Flexible Gravitational-Wave Parameter Estimation with Transformers
This work addresses the need for adaptable inference methods in gravitational-wave astronomy, enabling systematic studies and tests for current and future observatories, though it is incremental as it builds on existing deep learning approaches.
The paper tackled the challenge of extracting physical information from gravitational-wave signals with varying data analysis settings, and introduced a flexible transformer-based model that improved median sample efficiency from 1.4% to 4.2% on real events.

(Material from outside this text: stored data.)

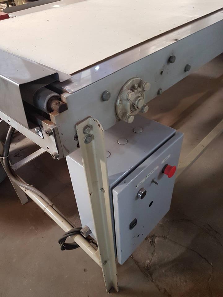 Esteira com controle de velocidade e inversor de frequência. Medidas: 5 m de comprimento; 1,20 m de altura e 40 cm de largura.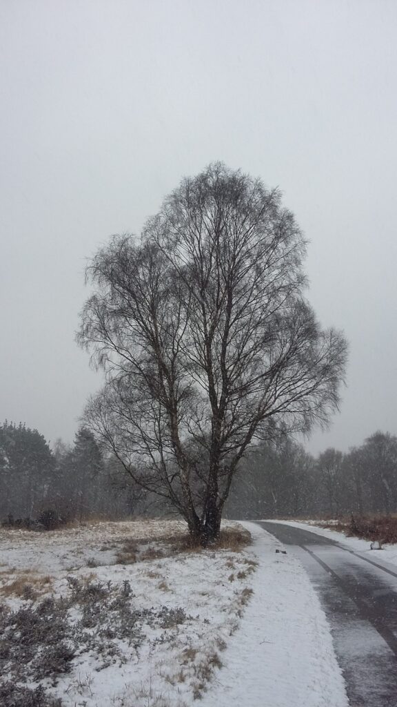 Between the end of Feb and mid-April when temperatures are usually between 0 and 15 °C – but especially in the second half of March, take a metre length of 0.5-1cm diametre plastic tubing or a spile (metal or plastic, although some people recommend non-metalic spiles for birch sap collection), a 2 or 4 litre plastic bottle (keep spare tops to put on the bottles when returning to pick up the sap – or just return with a large container), a drill with drill bit the same diametre as the plastic tubing or compatable with your spile diametre, a piece of tissue or cotton wool, a lump of plasticine (modeling clay) or natural clay, a wooden bung and a hammer. Select a suitably sized, well-established, and healthy looking tree (unhealthy trees don’t take so kindly to having more pressure put on them by the likes of me or you drilling a hole in them or cutting their branches!) – at least 8-10 inches across. Also, especially if in a woodland with lots of birch jostling for space and light, go for the trees with the largest crown of branches. These will have the best sap flow.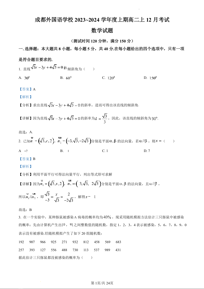 四川省成都外国语学校2023-2024学年高二上学期12月月考数学(精品解析版)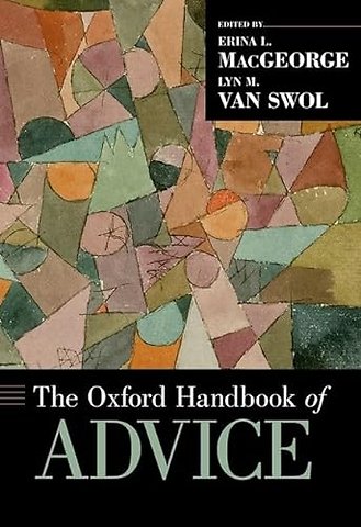 The Oxford Handbook of Advice provides a broad perspective on how advice succeeds and fails, systematically reviewing and synthesizing theory and research on advice from multiple disciplines, such as communication, psychology, applied linguistics, business, law, and medicine. Several chapters explore advice at different levels of analysis, focusing on advisor and recipient roles, advising interactions and relationships, and advice as a resource and connection in groups and networks. Other chapters address advice in particular types of personal relationships (romantic, family) and professional contexts (workplace, health, education, therapy). Contributing authors also consider cultural differences, advice online, and the ethics of advising.
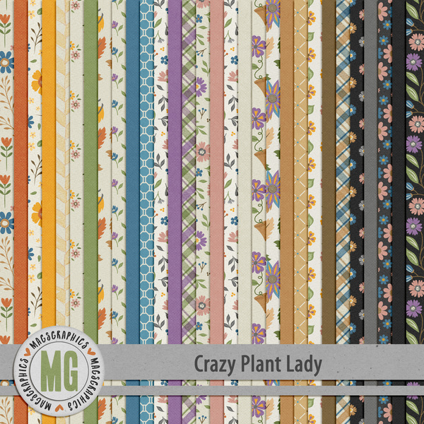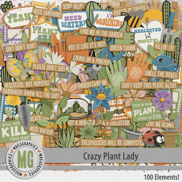 Crazy Plant Lady Kit - Calling all plant lovers… and plant strugglers! Whether your home is a lush jungle of thriving greenery or a rotating cast of “what went wrong this time,” the Crazy Plant Lady Collection is here for it all. Filled with gorgeous papers, leafy elements, and a healthy dose of humor, this collection lets you document your plant wins, your plant fails, and every overwatered, underwatered, and “I swear it was fine yesterday” moment in between. This is the MAIN KIT. It includes 30 12" Papers and 100 Elements! All of the following embellishments are included: 1 bee, 1 berry sprig, 1 bird, 4 buds, 1 butterfly, 5 cactuses, 2 clippers, 1 fence, 3 flowers, 1 garden, 2 gloves, 1 hoe, 6 hodge podge, 4 labels, 1 ladybug, 7 leaves, 8 potted plants, 3 rakes, 5 seed packets, 1 shovel, 12 signs, 1 soil bag, 3 succulents, 1 sun, 2 green thumbs, 1 trowel, 1 watering can, 1 wheelbarrow, 20 Word Tags. This pack is also included in the Crazy Plant Lady Bundle.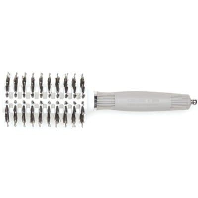 Lo ideal es optar por un cepillo redondo de cerámica con ventilación ya que la cerámica retiene y conduce el calor de manera uniforme mientras que las rejillas de ventilación promueven un mayor flujo de aire y secan el pelo más rapidamente. Puedes probar el cepillo de Olivia Garden que seguro te dará un gran resultado.
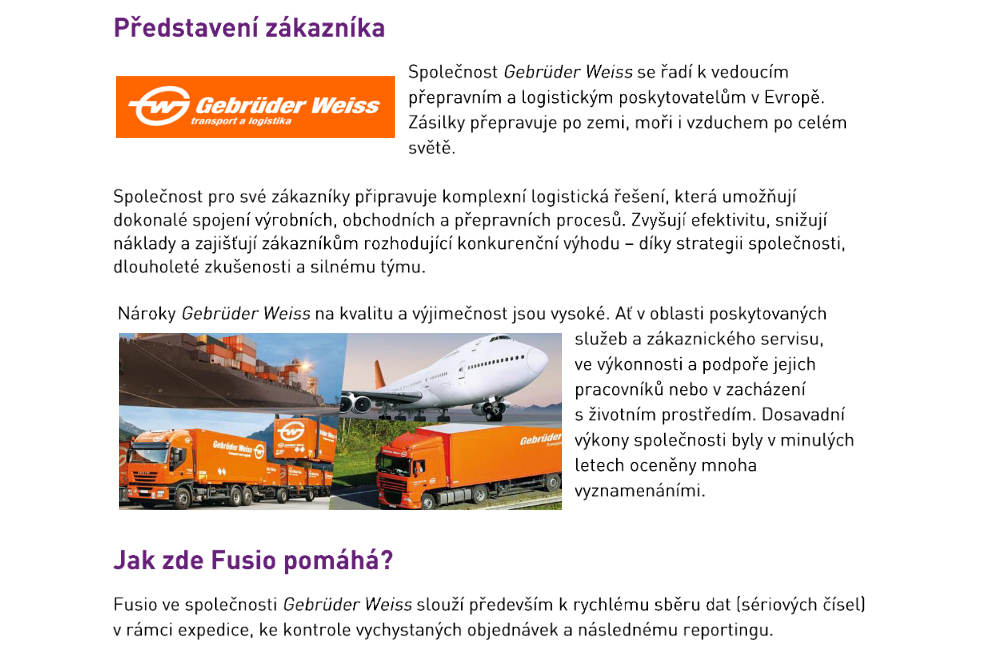 „Máme spočítáno, že nám aplikace Fusio ušetří 1,5 – 2 hod. práce na jednoho zaměstnance denně a urychlí celý proces, aby bylo vše správně a včas vychystáno.”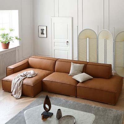 sofa da đầu lớp da bò phòng khách Ý sáng sang trọng hiện đại tối giản sofa khối cao cấp
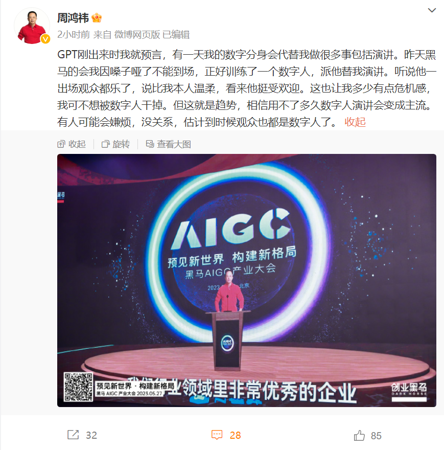 2023年黑馬AIGC產業大會,360集團創始人因為嗓子啞了不能到場,便訓練了數字人代替演講,隨后其在微博發文表示,觀眾認為數字人比本人溫柔,讓他頗具危機感。
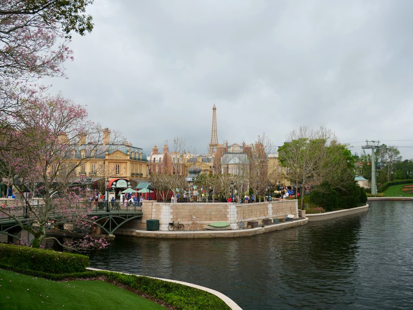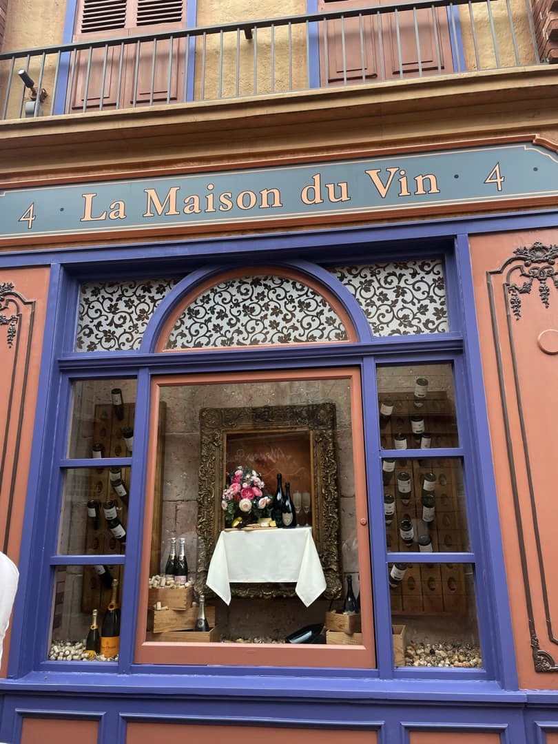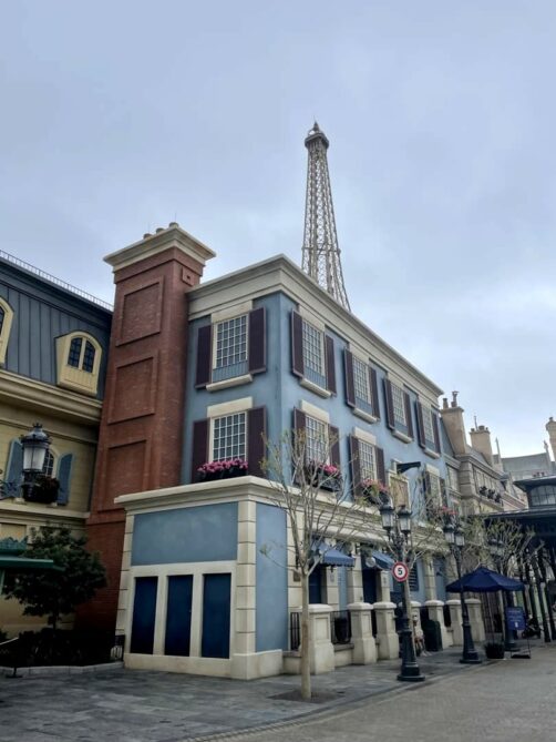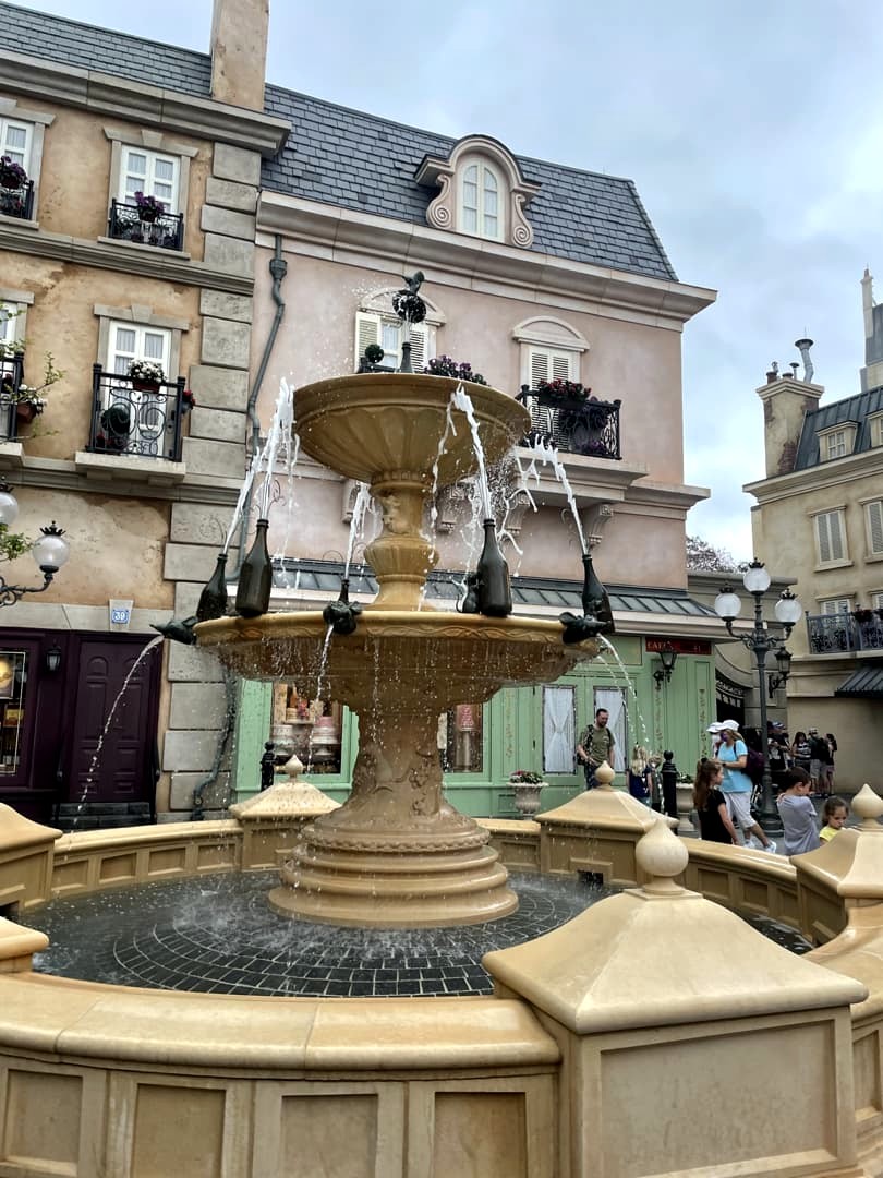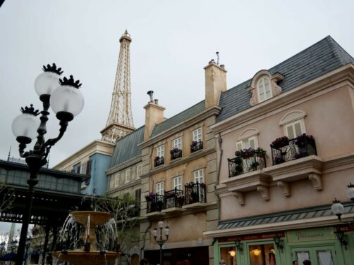 Les décors du pavillon français sont plutôt réussis et offrent une vision idéalisée des rues de Paris, avec la Tour Eiffel, les bouquinistes de la Seine, une boulangerie, un bistro parisien… On peut aussi y croiser des personnages tels que la Belle et la Bête, Gaston, le Bossu de Notre-Dame,…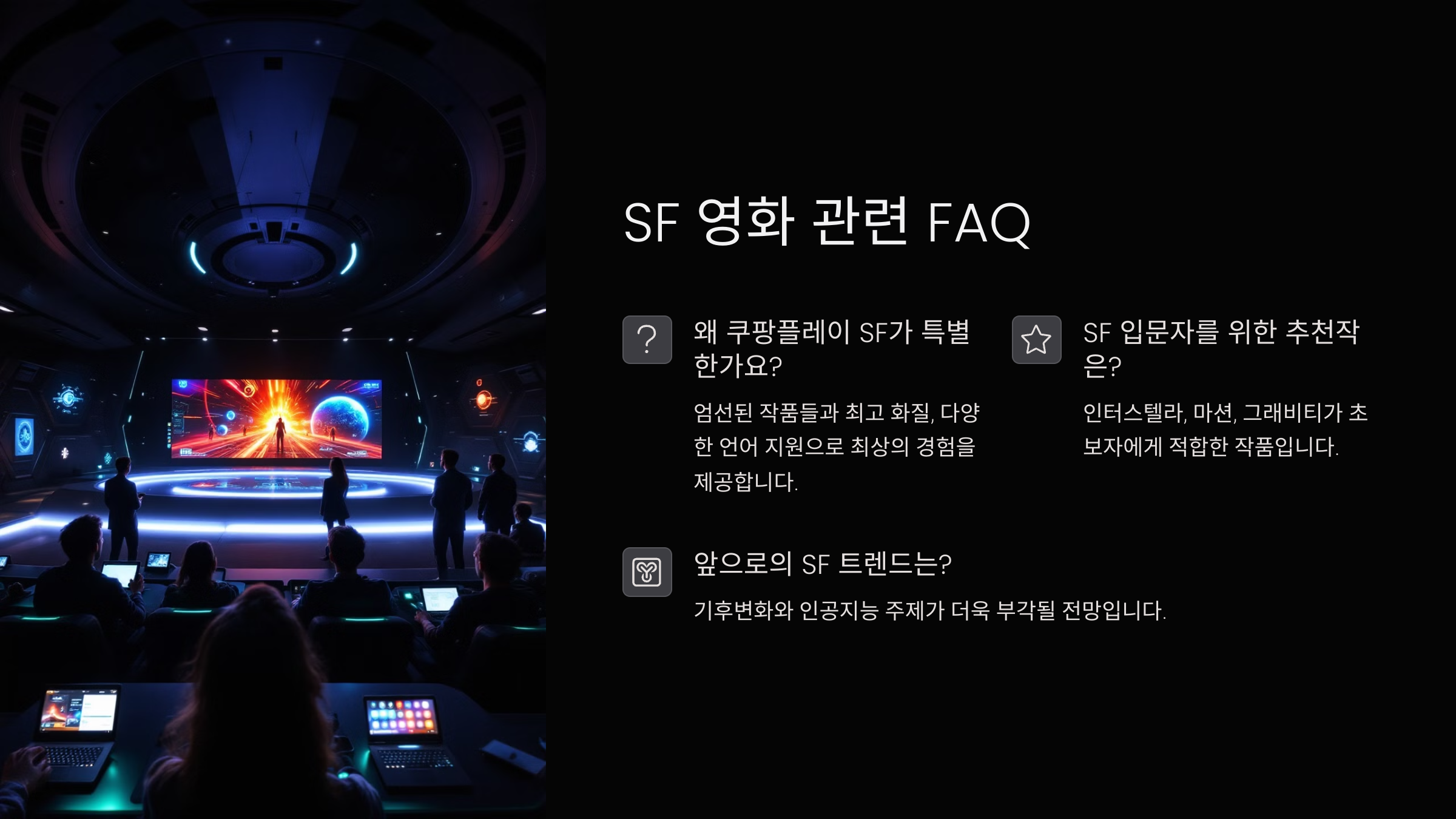 이제 쿠팡플레이에서 SF 영화들을 볼 때 어떤 작품을 선택해야 할지 훨씬 쉬워졌죠? 🎥 다음은 가장 많이 궁금해하는 SF 영화 관련 질문들을 모은 FAQ 시간이에요!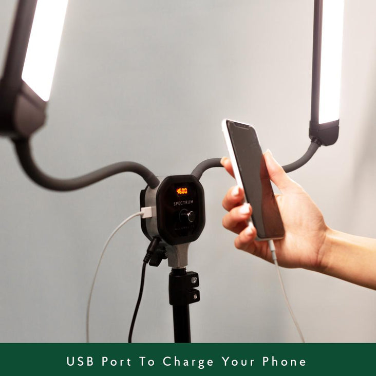 The 360 degree rotation and bendable arms allows you to add light precisely where you need it, while the integrated USB port keeps your device charged for unlimited use!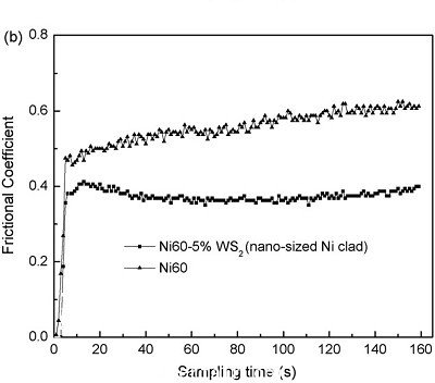 圖1為熔覆層的組織形貌,可以看出熔覆層內存在大量納米尺度的h-WS2和WC相,其摩擦磨損結果見圖2所示。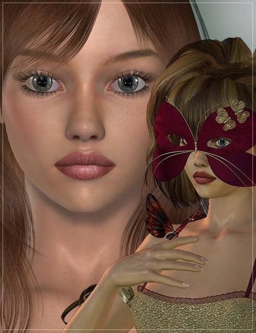 This is the perfect set for your faerie and nymph renders. It includes custom Victoria 4 character, dress, panty, shoes, ribbons, mask, prop butterfly and more!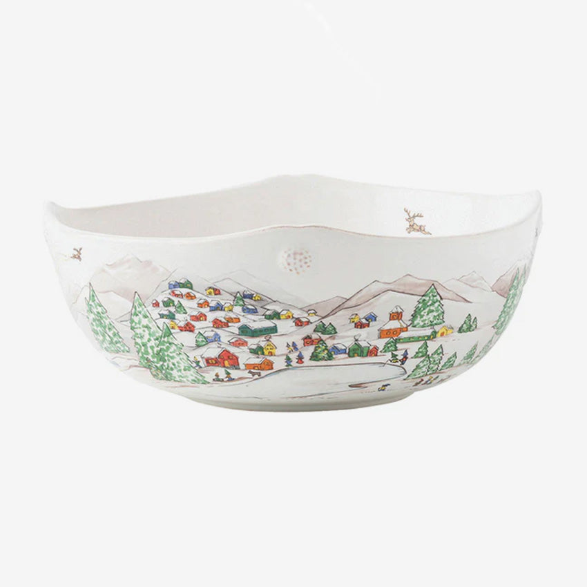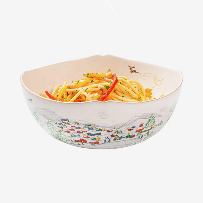This serving bowl, from the Berry & Thread collection, incorporates classic patterns often seen in Bohemian glassware. In preparation for the holidays, the North Pole series is adorned with hand-illustrated pieces with the signature Berry & Thread embellishments along the border. The collection includes charming designs of creating and imagining a downtown North Pole such as the reindeer barn and Santa's cottage, creating a festive and playful atmosphere around the table for the holiday season.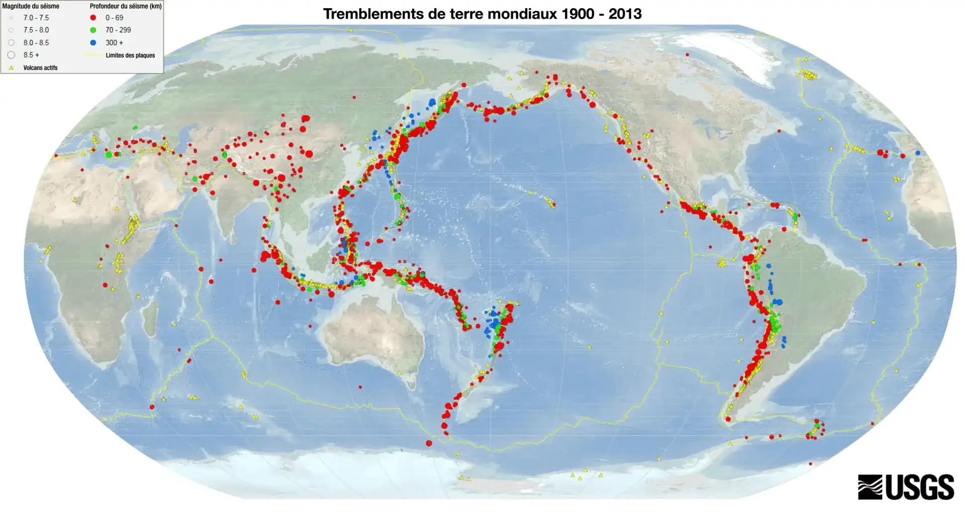 Comme illustré ci-dessous, la ceinture de feu du Pacifique est naturellement délimitée par cet enregistrement de l’activité volcanique (jaune) de l’United States Geological Survey, ainsi que par les tremblements de terre (du rouge au vert puis au bleu selon la profondeur) depuis plus d’un siècle. Les couleurs chaudes indiquent des séismes peu profonds (rouge=<69 km de profondeur dans la Terre), tandis que les couleurs plus froides indiquent des séismes plus profonds (bleu=300+ km de profondeur dans la terre). La taille des cercles indique l’amplitude relative des tremblements de terre. (Cliquez sur la carte pour l’agrandir.)

Gravitational-wave data analysis relies on accurate and efficient methods to extract physical information from noisy detector signals, yet the increasing rate and complexity of observations represent a growing challenge. Deep learning provides a powerful alternative to traditional inference, but existing neural models typically lack the flexibility to handle variations in data analysis settings. Such variations accommodate imperfect observations or are required for specialized tests, and could include changes in detector configurations, overall frequency ranges, or localized cuts. We introduce a flexible transformer-based architecture paired with a training strategy that enables adaptation to diverse analysis settings at inference time. Applied to parameter estimation, we demonstrate that a single flexible model -- called Dingo-T1 -- can (i) analyze 48 gravitational-wave events from the third LIGO-Virgo-KAGRA Observing Run under a wide range of analysis configurations, (ii) enable systematic studies of how detector and frequency configurations impact inferred posteriors, and (iii) perform inspiral-merger-ringdown consistency tests probing general relativity. Dingo-T1 also improves median sample efficiency on real events from a baseline of 1.4% to 4.2%. Our approach thus demonstrates flexible and scalable inference with a principled framework for handling missing or incomplete data -- key capabilities for current and next-generation observatories.